Posted Mar 31, 2014 19:14 UTC (Mon) by luto (guest, #39314) [Link]

The kernel seems to stick them all right next to each other if I don't explicitly add a PROT_NONE region in the way. And, since MAP_FIXED overwrites things, I can't just guess a desired address and try it with MAP_FIXED, since I'll crash if I guess badly.

The upshot is that the an improved MAP_FIXED flag would actually improve my use case a bit.

Maybe we should have MAP_WANT_GUARD_PAGES, too.

Persistent memory

Posted Mar 29, 2014 11:13 UTC (Sat) by blackwood (guest, #44174) [Link]

get_user_sg has my vote - for 3.16 we have patches floating for drm/i915 to map userspace ranges into the gpu address space, and atm we use get_user_pages + create an sg table from it. But within the driver we exclusively deal with sg lists since we already support non struct page backed memoery (gfx stolen range reserved by the firmware), so having a get_user_sg would neatly clean up our code.

Persistent memory

Posted Mar 31, 2014 19:23 UTC (Mon) by foom (subscriber, #14868) [Link]

A new flag is almost unnecessary.
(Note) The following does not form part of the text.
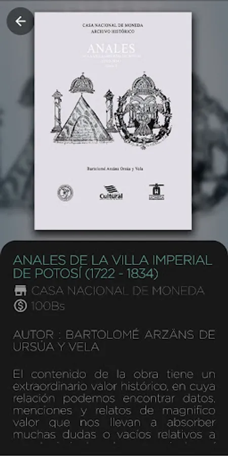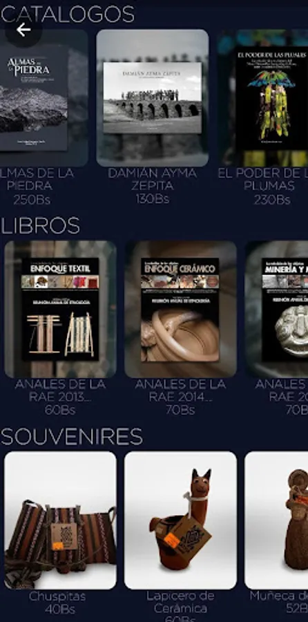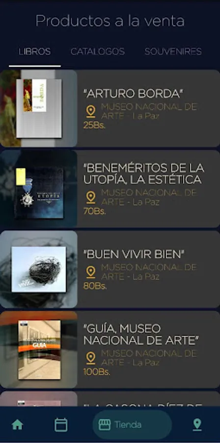 The Wayruru application is a cultural agenda, an open space for the dissemination and promotion of all cultural production generated by the repositories and Cultural Centers that are dependent on the Cultural Foundation of the Central Bank of Bolivia. At the same time, there is a virtual showcase through which the publications of books, catalogs and magazines, as well as souvenirs and objects produced by the Repositories and Cultural Centers, are made known.
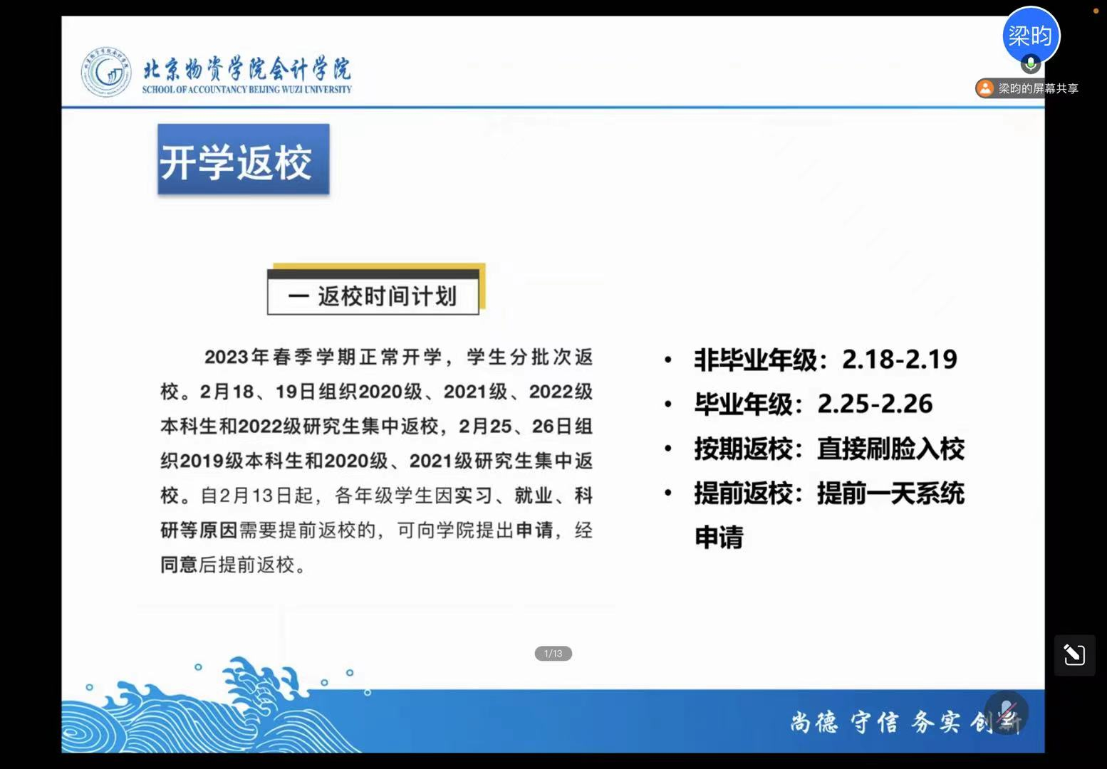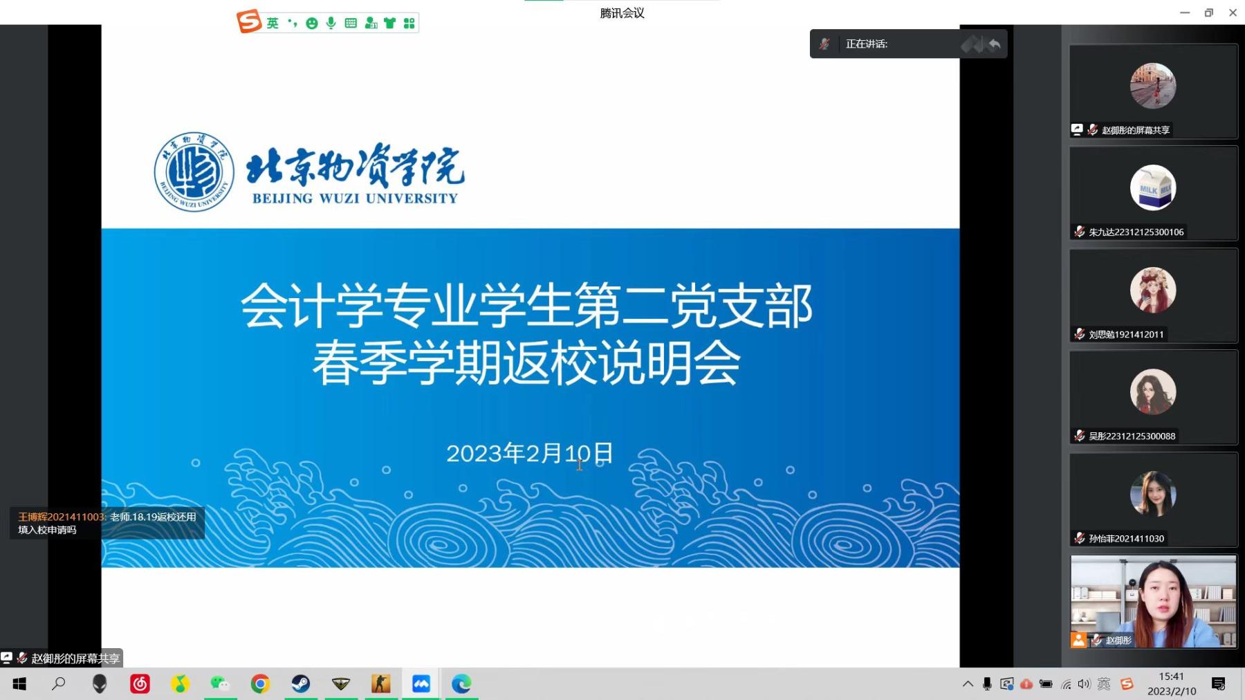 首先,各位学生党支部书记(辅导员)从2023年春季学期返校政策的制定背景出发,向同学们阐释了“分批分期、错时错峰、稳妥有序”的工作方针,为学生详细介绍了春季学期返校的具体事宜,要求各位同学按照学校要求按时返校,有异常情况需要及时与辅导员老师取得联系。

The current behavior is that if you pass an address without MAP_FIXED, it will map your space there, if and only if that address is available. If the address is not available, it will map it somewhere else.

So, the workaround is trivial: you call mmap with an address, without MAP_FIXED, and then compare the address returned to the address requested. If they don't match, unmap and return a failure.

Byte addressability

Posted Apr 9, 2014 22:08 UTC (Wed) by mratnad (guest, #96496) [Link]

Was there any discussion on how to enable the applications to use persistent memory through byte level addressing? Is mmap the only way?
Also, anything about atomic writes to the persistent memory?
TIA.

Persistent memory

Posted Apr 14, 2014 1:36 UTC (Mon) by kmeyer (subscriber, #50720) [Link]

> Wilcox said you can actually buy some devices now

Where?! We would really like to start playing with and thinking about supporting these in FreeBSD.